**Data segment**
* * * * * * * * *

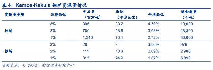 KK铜矿位于刚果金,拥有无与伦比的资源基础。Kamoa铜矿坐落于刚果(金),处在赞比亚-刚(金)铜钴成矿带上,根据2020年2月卡莫阿矿段最新的资源估算,以及卡库拉矿段2018年11月10日生效的资源估算结果,以边界品位1%计算,卡莫阿-卡库拉铜矿控制级别的铜金属资源量为3,800万吨(13.87亿吨@Cu2.74%),推断级别的铜金属资源量为569万吨(3.39亿吨@Cu1.68%),铜金属资源量合计为4,369万吨,比2018年年报披露数据增加154万吨。
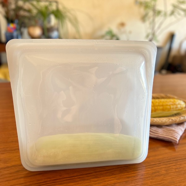 やってらんなーい!と悲鳴をあげながらのごはんの支度が苦行になり始めたので、ガスコンロから電子レンジに熱源をチェンジしました。電子レンジ調理をする際の道具ってたくさんあるけれど、わたしの相棒は繰り返し使えるスタッシャー。何よりシリコンバッグの中にポンと食材を入れるだけのお手軽さと時短が叶うワンボウルメニューもこれ一つで完結するのが嬉しい。今日は薄皮付きのとうもろこしをレンチン5分。加熱直後はジッパー部分から高温の蒸気が噴き出してくるので火傷に注意です。
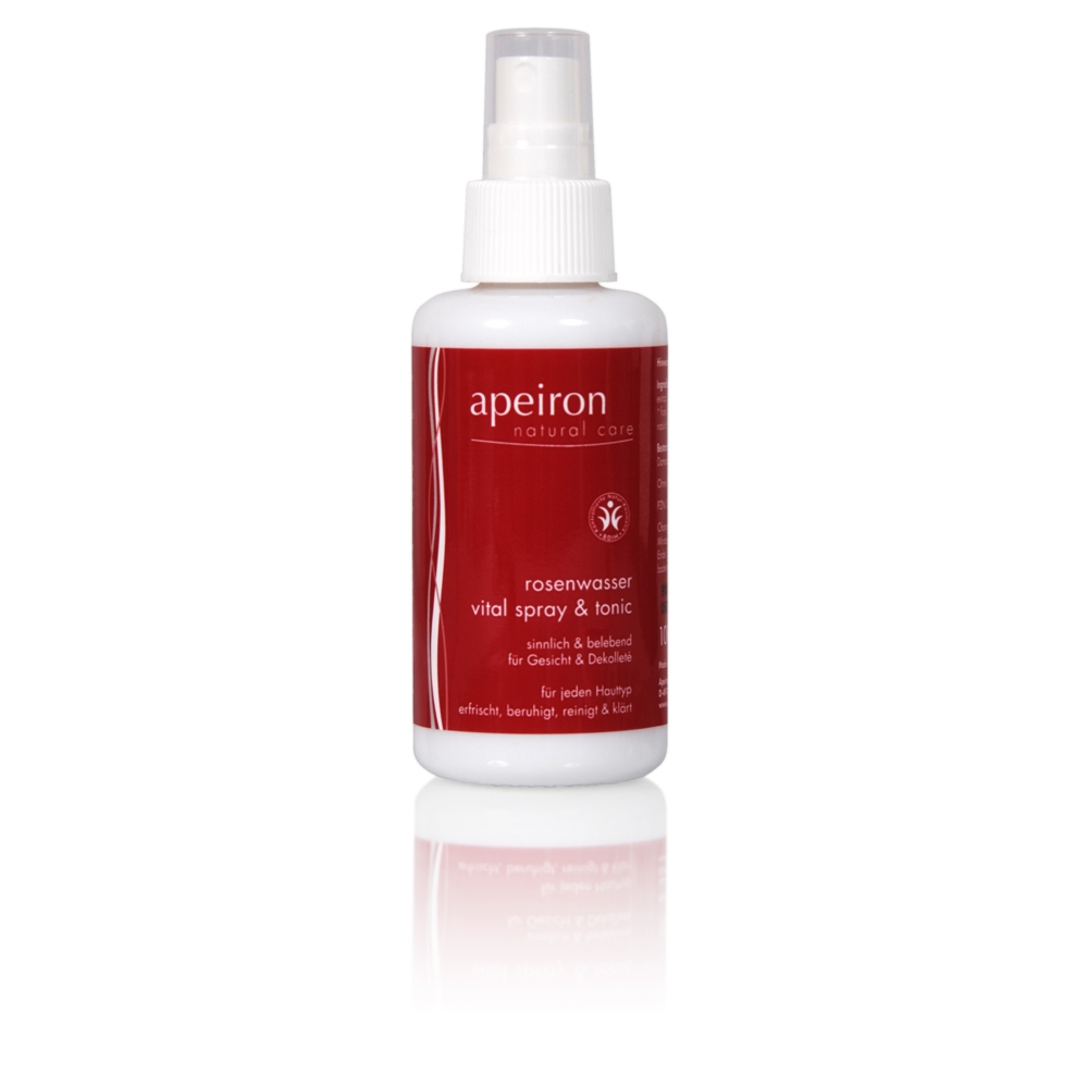 Als tonisierende Pflege – Rosenwasser Vital Spray & Tonic auf einen Wattepad sprühen und Gesicht und Dekolleté nach der Reinigung sanft abtupfen.

* * * * * * * * *

**About this task**
Reproduce all of the data exactly; the pictures do not belong in the copy.

**Written response**
 KK铜矿位于刚果金,拥有无与伦比的资源基础。Kamoa铜矿坐落于刚果(金),处在赞比亚-刚(金)铜钴成矿带上,根据2020年2月卡莫阿矿段最新的资源估算,以及卡库拉矿段2018年11月10日生效的资源估算结果,以边界品位1%计算,卡莫阿-卡库拉铜矿控制级别的铜金属资源量为3,800万吨(13.87亿吨@Cu2.74%),推断级别的铜金属资源量为569万吨(3.39亿吨@Cu1.68%),铜金属资源量合计为4,369万吨,比2018年年报披露数据增加154万吨。
 やってらんなーい!と悲鳴をあげながらのごはんの支度が苦行になり始めたので、ガスコンロから電子レンジに熱源をチェンジしました。電子レンジ調理をする際の道具ってたくさんあるけれど、わたしの相棒は繰り返し使えるスタッシャー。何よりシリコンバッグの中にポンと食材を入れるだけのお手軽さと時短が叶うワンボウルメニューもこれ一つで完結するのが嬉しい。今日は薄皮付きのとうもろこしをレンチン5分。加熱直後はジッパー部分から高温の蒸気が噴き出してくるので火傷に注意です。
 Als tonisierende Pflege – Rosenwasser Vital Spray & Tonic auf einen Wattepad sprühen und Gesicht und Dekolleté nach der Reinigung sanft abtupfen.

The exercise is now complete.